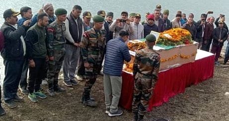 शहीद राइफलमैन को सैन्य सम्मान के साथ दी गई अंतिम विदाई
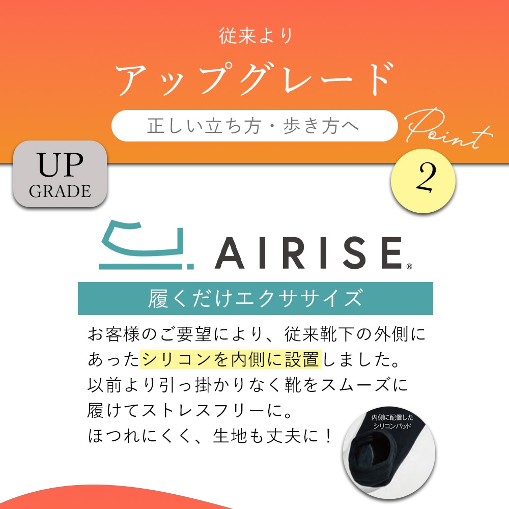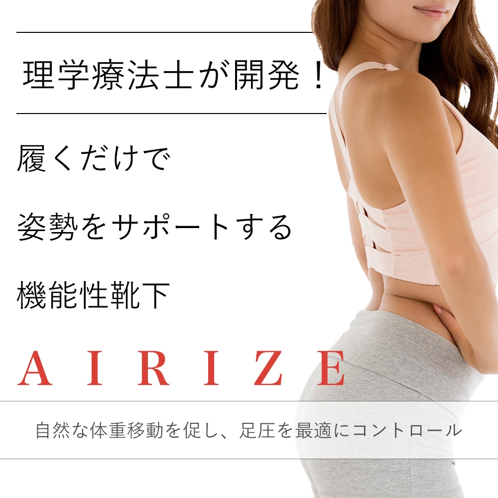 理学療法士が開発! 履くだけで姿勢をサポートする機能性靴下AIRIZE 自然な体重移動を促し、足圧を最適にコントロール 燃焼効率を高めた新しいエアライズ。 特殊可視光線(深褐色混合波)を採用し、電波パルスエネルギーが体に照射されることで、筋肉と反応し生体バランスを整えます。 BURNUP:深褐色混合派とは 特殊可視光領域に熱加工した素材により筋肉の収縮効率を最大化させる。 着るエクササイズマテリアルです。 さらに、お客様のご要望により、従来靴下の外側にあったシリコンを内側に設置しました。 以前より引っ掛かりなく靴をスムーズに履けてストレスフリーに。 特許取得の足裏の2つのパッドが、足裏のアーチの形状をサポート。 運動のパフォーマンスを支え、身体にかかる急激な負荷を軽減します。自然と動きやすい姿勢に導くキセキの靴下です。 AIRISEの機能 履くだけで正しい歩き方へ 3点支持で体重を支える事で重心が安定化! 特許取得の2つの足圧誘導シリコンにより体幹を安定させ、疲れにくい体へ 足裏に配置したシリコン製のAIRISE PADにより重心の3点支持を作り出し、体幹を安定化。 歩く際の足圧を自然に親指の方向へ誘導することで、スムーズな歩き方へ |
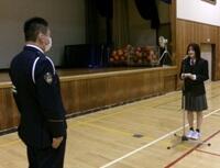 新入生は吹奏楽局の演奏で入退場し、校歌紹介では、吹奏楽局、野球部、柔道部、バレーボール部、女子バスケットボール部の生徒と教職員により校歌を紹介しました。
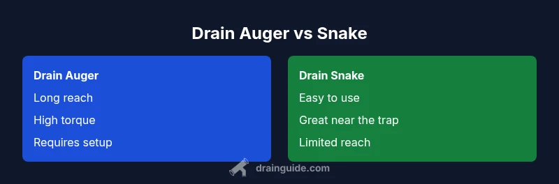 The terms drain auger and drain snake are often used interchangeably, but they describe different tools with distinct strengths. A drain auger is a longer, rigid or semi-rollowed cable on a hand crank or drill-powered reel designed to push or retrieve obstructions deep inside a drain line. A drain snake, sometimes called a plumber's snake, is a flexible coil that you feed into the drain by hand. In practice, the auger provides greater leverage and control across longer runs, while the snake prioritizes simplicity and quick action near the trap. For the homeowner, understanding the distinction helps you match the tool to the clog's location and severity. Drain auger vs snake matters most when you consider reach, torque, and user effort in relation to your piping layout.
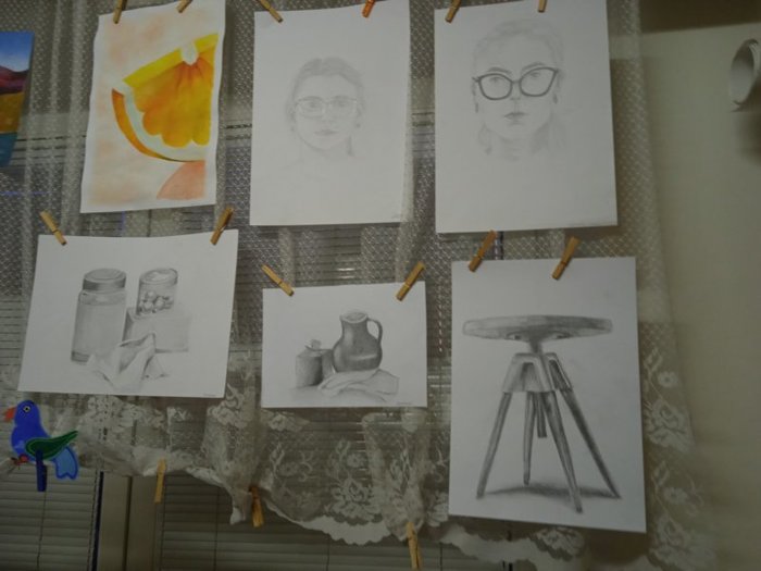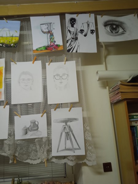 Úvod > Dění v obci > Fotogalerie > Práce absolventského ročníku žáků ZUŠ 2021/2022 - stínovaná kresba

-------

◆ **Exercise aim**
Beginning with the first line of the entries above, repeat each line word for word until the line with "The terms drain" has been given too. Omit the pictures.

◆ **Solution to this task**
 शहीद राइफलमैन को सैन्य सम्मान के साथ दी गई अंतिम विदाई
 理学療法士が開発! 履くだけで姿勢をサポートする機能性靴下AIRIZE 自然な体重移動を促し、足圧を最適にコントロール 燃焼効率を高めた新しいエアライズ。 特殊可視光線(深褐色混合波)を採用し、電波パルスエネルギーが体に照射されることで、筋肉と反応し生体バランスを整えます。 BURNUP:深褐色混合派とは 特殊可視光領域に熱加工した素材により筋肉の収縮効率を最大化させる。 着るエクササイズマテリアルです。 さらに、お客様のご要望により、従来靴下の外側にあったシリコンを内側に設置しました。 以前より引っ掛かりなく靴をスムーズに履けてストレスフリーに。 特許取得の足裏の2つのパッドが、足裏のアーチの形状をサポート。 運動のパフォーマンスを支え、身体にかかる急激な負荷を軽減します。自然と動きやすい姿勢に導くキセキの靴下です。 AIRISEの機能 履くだけで正しい歩き方へ 3点支持で体重を支える事で重心が安定化! 特許取得の2つの足圧誘導シリコンにより体幹を安定させ、疲れにくい体へ 足裏に配置したシリコン製のAIRISE PADにより重心の3点支持を作り出し、体幹を安定化。 歩く際の足圧を自然に親指の方向へ誘導することで、スムーズな歩き方へ |
 新入生は吹奏楽局の演奏で入退場し、校歌紹介では、吹奏楽局、野球部、柔道部、バレーボール部、女子バスケットボール部の生徒と教職員により校歌を紹介しました。
 The terms drain auger and drain snake are often used interchangeably, but they describe different tools with distinct strengths. A drain auger is a longer, rigid or semi-rollowed cable on a hand crank or drill-powered reel designed to push or retrieve obstructions deep inside a drain line. A drain snake, sometimes called a plumber's snake, is a flexible coil that you feed into the drain by hand. In practice, the auger provides greater leverage and control across longer runs, while the snake prioritizes simplicity and quick action near the trap. For the homeowner, understanding the distinction helps you match the tool to the clog's location and severity. Drain auger vs snake matters most when you consider reach, torque, and user effort in relation to your piping layout.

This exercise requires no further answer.